Example 2: Resilient private workload

For a private workload that’s only accessible by internal users, a few extra considerations must be made to keep the traffic inside of the trusted private network.

private workload resilliency

The architecture for resilient private facing workload has the same steps as public facing workload, but with some key differences. These include:

  1. Instead of using a public hosted zone, create private hosted zones in Route 53 to respond to DNS queries for the workload.
  2. Create the primary and secondary records in Route 53 just like the public workload but referencing the private ALBs.
  3. To allow end-users onto the corporate network (within offices or connected via VPN) to resolve the workload, use the Route 53 Resolver with an inbound endpoint. This allows end-users located on-premises to resolve the records in the private hosted zone. Route 53 Resolver is designed to be integrated with an on-premises DNS server.
  4. No internet gateway is required for hosting the private workload. You might need an internet gateway in the Local Zone for other purposes: for example, to host a self-managed VPN solution to connect the Local Zone with the corporate data center.

Hosting multiple workloads

Customers who host multiple workloads in a single VPC generally must consider how to segregate those workloads. As with workloads in the AWS Region, segregation can be implemented at a subnet or VPC level.

If you want to segregate workloads at the subnet level, you can extend your existing VPC architecture by provisioning extra sets of subnets to the Local Zone.

segregate workloads at subnet level

Although not shown in the diagram, for those of you using a self-hosted VPN to connect the Local Zone with an on-premises data center, the VPN solution can be deployed in a centralized subnet.

You can continue to use security groups, network access control lists (NACLs) , and VPC route tables – just as you would in the Region to segregate the workloads.

If you want to segregate workloads at the VPC level, like many of our customers do, within the Region, inter-VPC routing is generally handled by Transit Gateway. However, in this case, it may be undesirable to send traffic to the Region to reach a subnet in another VPC that is also extended to the Local Zone.

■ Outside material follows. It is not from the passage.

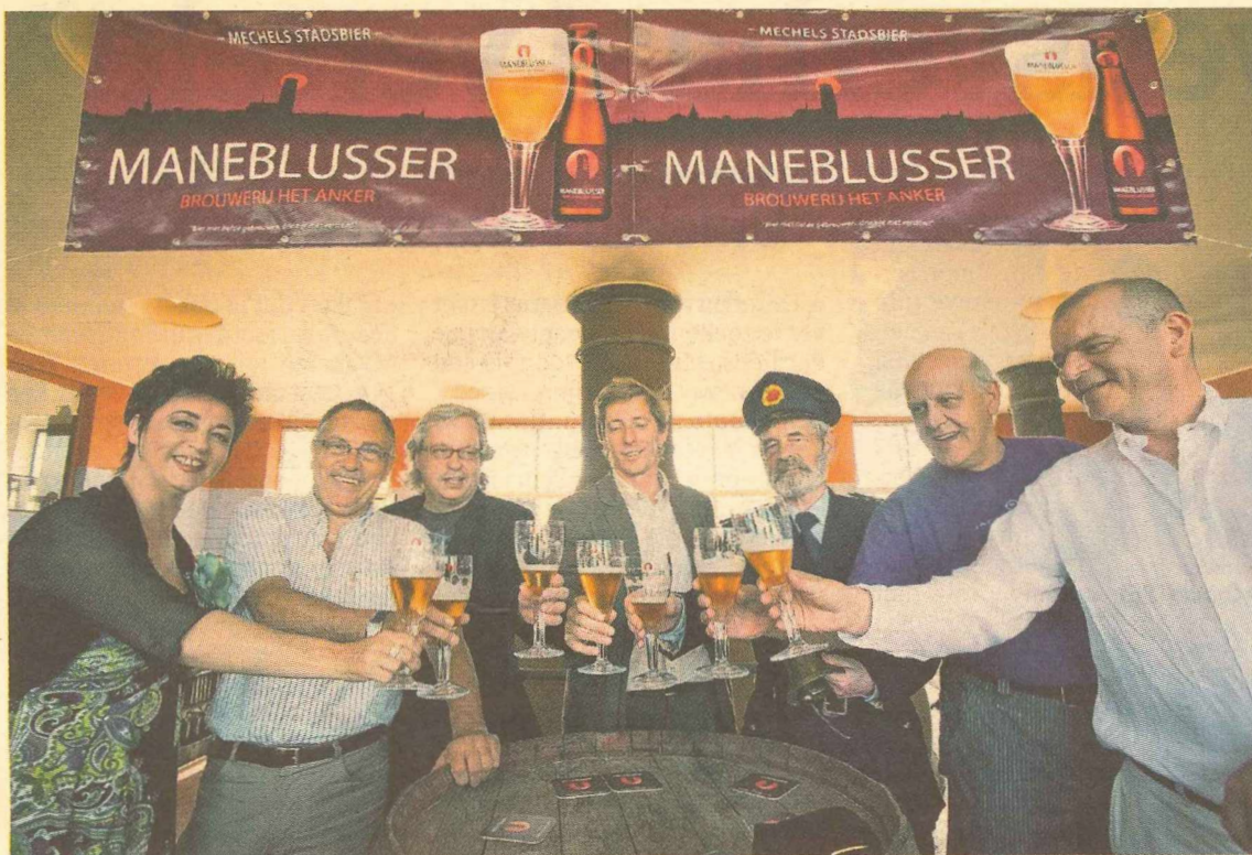
De proefkonijnen van dienst heffen het glas op de geboorte van het nieuwe stadsbier.

segregate workloads at VPC level

Key considerations for this design are as follows:

  1. Direct Connect is deployed to connect the Local Zone with the corporate data center. Therefore, each VPC will have a dedicated Virtual Private Gateway provisioned to allow association with the Direct Connect Gateway.
  2. To enable inter-VPC traffic within the Local Zone, peer the two VPCs together.
  3. Create a VPC route table in VPC A. Add a route for Subnet Y where the destination is the peering link. Assign this route table to Subnet X.
  4. Create a VPC route table in VPC B. Add a route for Subnet X where the destination is the peering link. Assign this route table to Subnet Y.
  5. If necessary, add routes for on-premises networks and the transit gateway to both route tables.

This design allows traffic between subnets X and Y to stay within the Local Zone, thereby avoiding any latency from the Local Zone to the AWS Region while still permitting full connectivity to all other networks.

Conclusion

In this post, we summarized the use cases for enterprise hybrid architecture with Local Zones, and showed you:

  • Reference architectures to host workloads in Local Zones with low-latency connectivity to corporate data centers and resiliency to enable fail over to the AWS Region automatically.
  • Different design considerations for public and private facing workloads utilizing this hybrid architecture.
  • Segregation and connectivity considerations when extending this hybrid architecture to host multiple workloads.

Hopefully you will be able to follow along with these reference architectures to build and run highly resilient applications with local system interdependencies using Local Zones.